People often assume the reason I talk at conferences is because I like to teach them about Galera, MySQL and other cool, open source things. That's of course true to some extent. But for me personally, another reason is even more important: It happens almost always that the audience teaches me something. Thus the process of public speaking has increasingly become my way to learn new insights. Low level details that aren't easy to learn by just RTFM.
At my Galera talk in Froscon, I was graced by the presence of Monty Widenius himself, as well as Oli and Erkan, two Galera gurus of Europe. There were 2 things in the talk that provoked discussion. These are the conclusions, confirmed by Alex and Seppo from Codership:
innodb_doublewrite
I have advocated to set innodb_doublewrite=0 when using Galera. (slide 16) This was based on the fact that if the mysqld process crashes, galera will discard the database anyway and take a full snapshot from a healthy node. So who cares if data is corrupted on a crash.
As of Galera 2.1 this isn't true anymore. Galera will recover the state also after a crash, and may very well do only an incremental state transfer (ie keep the data and catch up the missing transactions). For this reason it is now important to keep innodb_doublewrite=1, which is the MySQL default.

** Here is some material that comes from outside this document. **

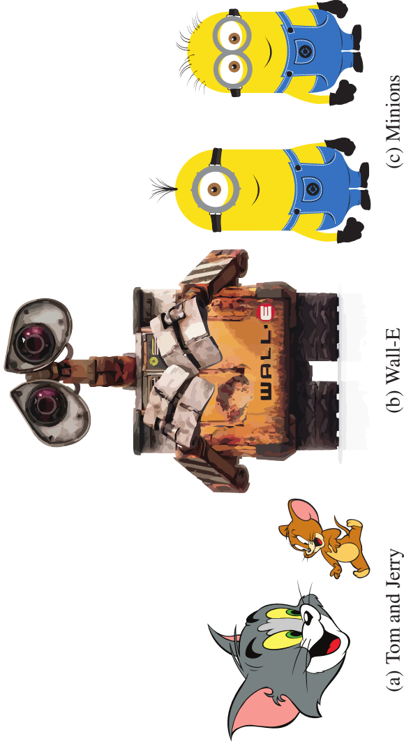
(a) Tom and Jerry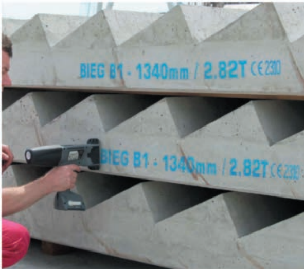
Also prints on concrete with blue pigmented ink

Note that we still advice to set innodb_flush_log_at_trx_commit and sync_binlog to zero. It doesn't matter if some transactions are lost on a crash, because galera can get those back from the other nodes. What matters is just that whatever is written to disk, is written in a consistent state.
Thanks to Monty for spotting this and convincing us about it!
Galera commit sequence
On slide 23 you will find a diagram about the commit sequence in galera. It is wrong! (I copied this pretty much from Vadim, so Percona guys should pay attention too!)
A correct diagram is found in the Galera documentation:
In particular:
The only communication between nodes is to send the transaction (the "write set") to the "group".(Which means it is sent to all nodes, but the correct way to think about this is to think of "the group" as a single entity. Hence, group communication.) "The group" will then return with giving the transaction its unique Global Transaction ID. After this point, there is no more communication between nodes. Therefore, the main function of the group communication - in addition to the actual replication of writesets from a node to another - is to impose a global (cluster-wide) ordering on all transactions.
The next step is called certification. This means to check whether the transaction can be committed or not. This is a purely deterministic operation, hence nodes do not "agree" or otherwise communicate with each other anymore.
If certification passes, the transaction is now committed. This is the point of logical commit in galera.
Finally, the transaction is then committed to InnoDB and also to the binary log, if that is enabled. On the slave, it is first applied to InnoDB, then committed.
When the master InnoDB commit returns, control is returned to client.
An important consequence of how all of this works is that even if the writing to InnoDB and binary log are not synchronous between nodes, they are enforced to happen in the same order. This means that if you combine two galera clusters with an asynchronous MySQL replication link, it is possible to do so called "channel failover": if a node in the asynchronous replication fails, you can safely continue replicating via another node as long as you figure out the right binlog position to start from. Also it guarantees that point-in-time-recovery from the binlog will work.
Thanks to Oli of Fromdual for relentlessy pushing us to understand this behavior.